**Exercise goal:**
Repeat word for word the lines from the top of the records through the line containing "小林薬品 新型コロナウイルス抗原検査キット オミクロン株対応試験の結果について", and skip the pictures.

Given data section start

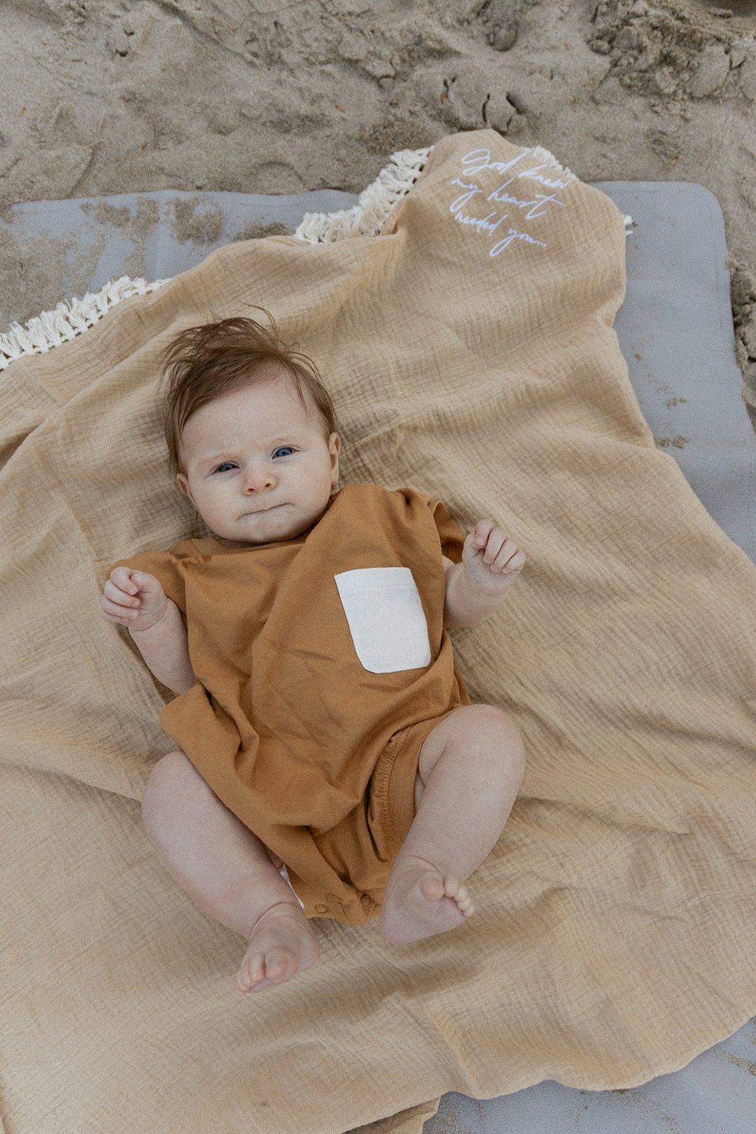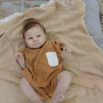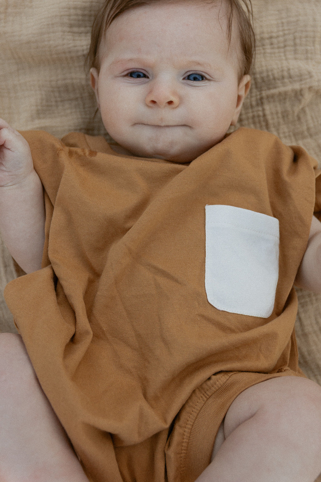 The Cory Pocket Romper is a super soft, short-sleeved cotton romper designed with your little one's comfort in mind. The breathable cotton fabric ensures your baby stays cool and comfy, while the easy snap closures make diaper changes a breeze.
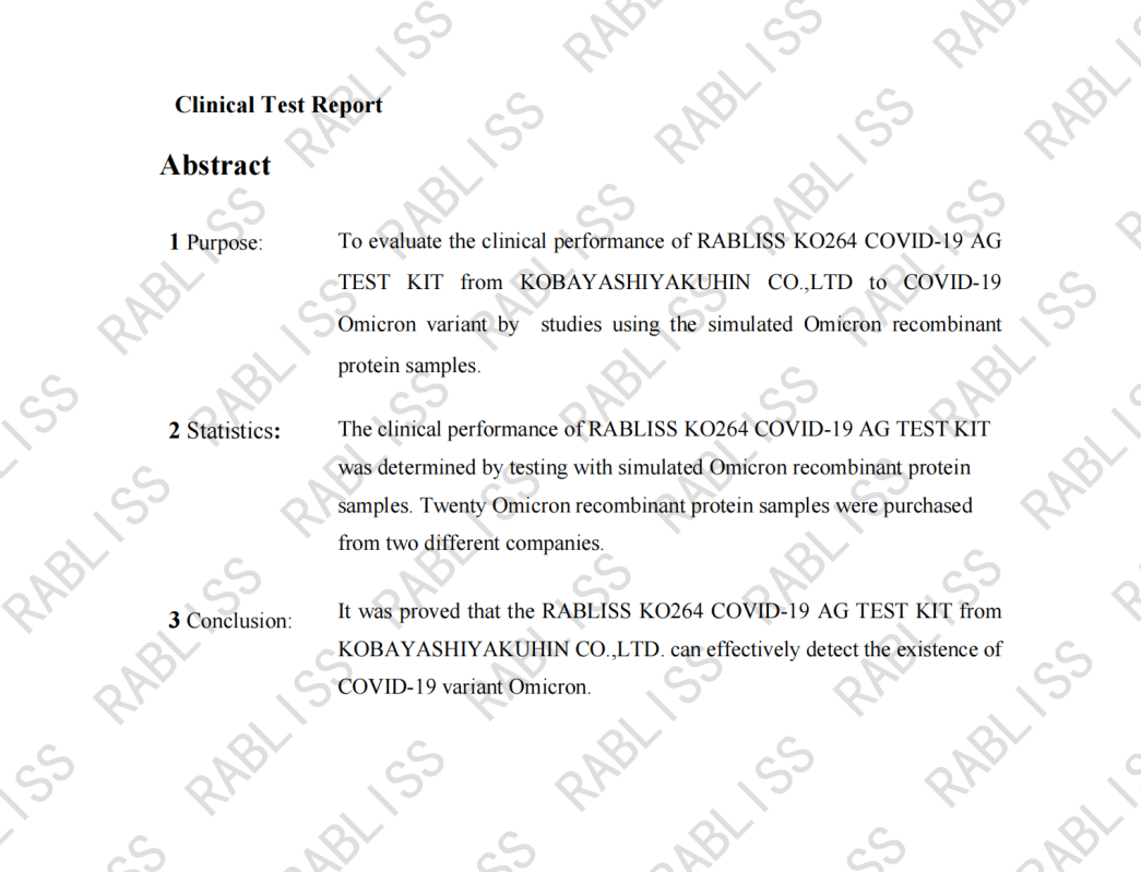 小林薬品 新型コロナウイルス抗原検査キット オミクロン株対応試験の結果について
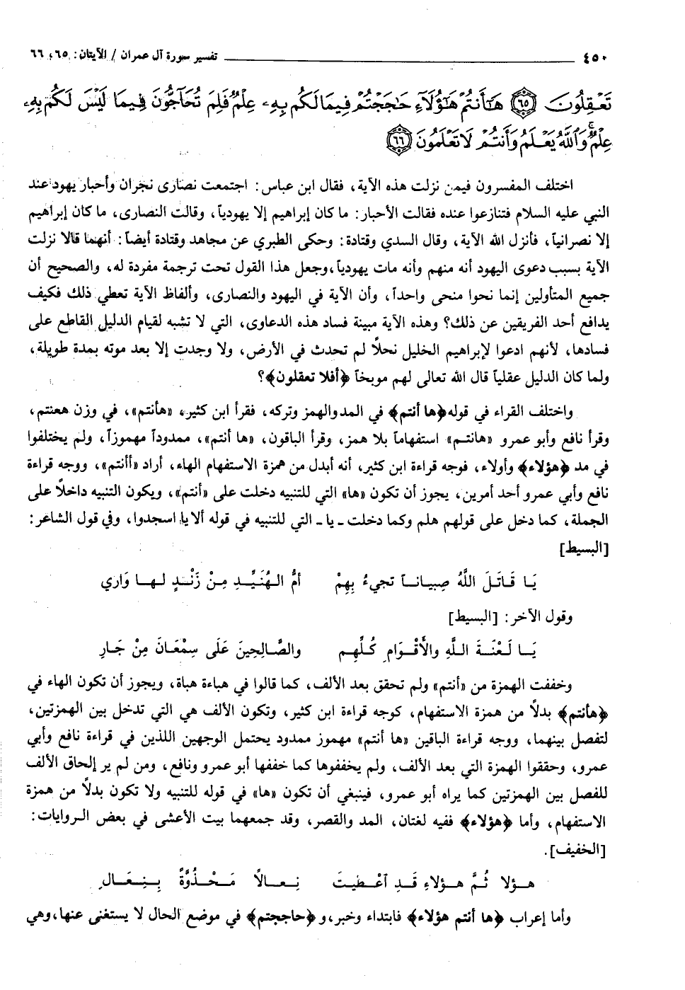 يا أَهْلَ الْكِتابِ لِمَ تُحَاجُّونَ فِي إِبْراهِيمَ وَما أُنْزِلَتِ التَّوْراةُ وَالْإِنْجِيلُ إِلاَّ مِنْ بَعْدِهِ أَفَلا تَعْقِلُونَ (٦٥) ها أَنْتُمْ هؤُلاءِ حاجَجْتُمْ فِيما لَكُمْ بِهِ عِلْمٌ فَلِمَ تُحَاجُّونَ فِيما لَيْسَ لَكُمْ بِهِ عِلْمٌ وَاللَّهُ يَعْلَمُ وَأَنْتُمْ لا تَعْلَمُونَ (٦٦)
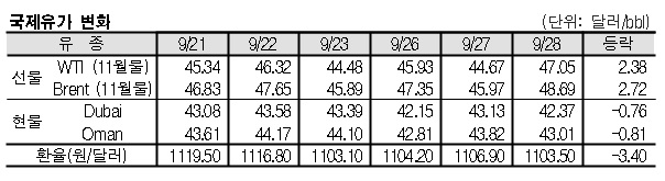 9월28일 국제유가는 OPEC(석유수출국기구)의 생산한도 설정 합의, 미국의 원유 재고 및 생산 감소 등으로 상승했다.
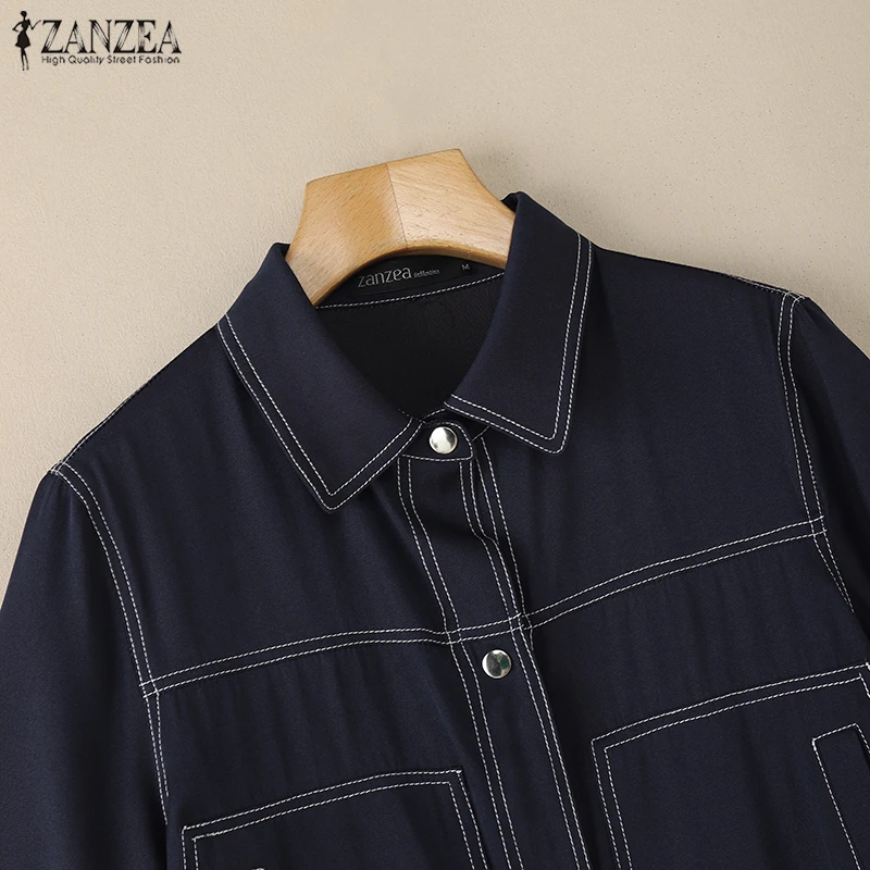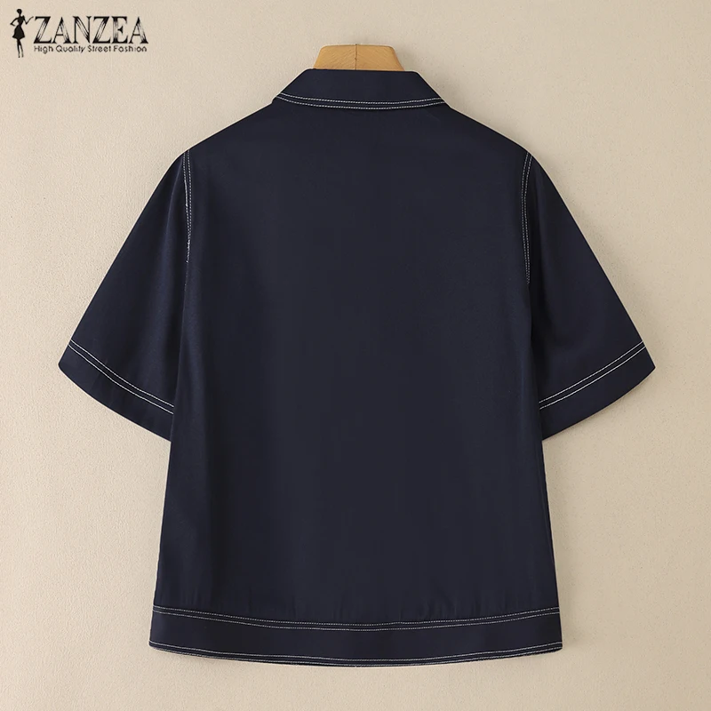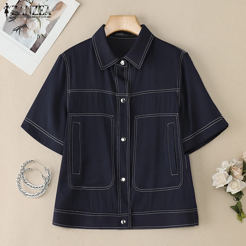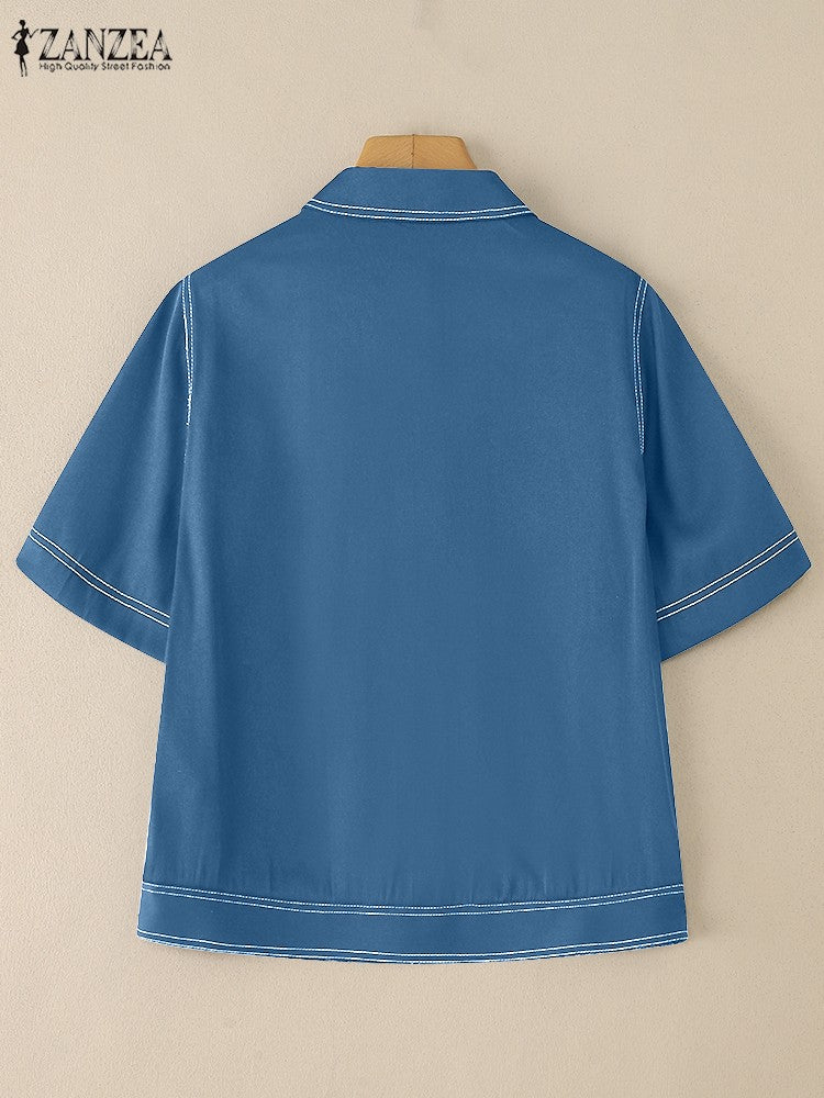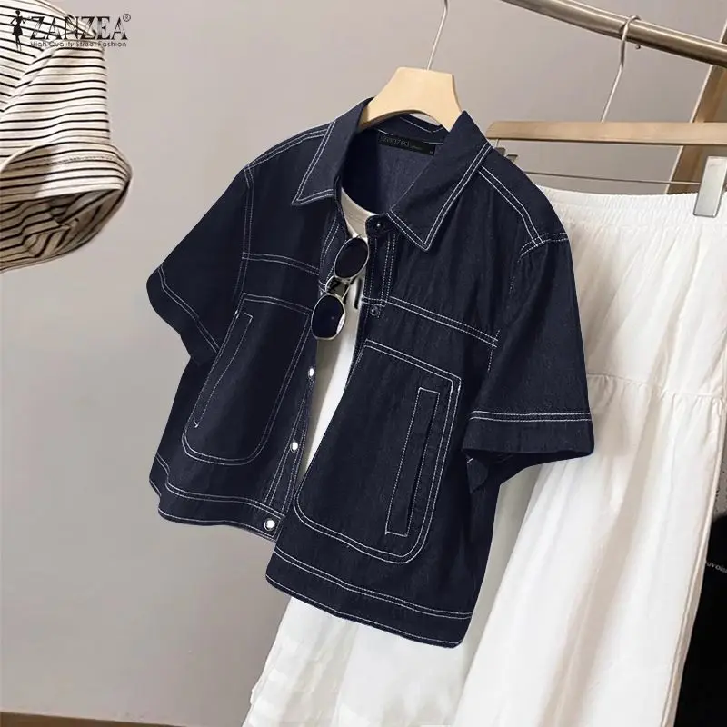 ZANZEA Women's Denim-Like Contrast-Stitch Shirts 2025 Fashion Turn-Down Collar Short Sleeve Button Up Shirt Streetwear Woman Top

Given data section end

**Reply to the task:**
 The Cory Pocket Romper is a super soft, short-sleeved cotton romper designed with your little one's comfort in mind. The breathable cotton fabric ensures your baby stays cool and comfy, while the easy snap closures make diaper changes a breeze.
 小林薬品 新型コロナウイルス抗原検査キット オミクロン株対応試験の結果について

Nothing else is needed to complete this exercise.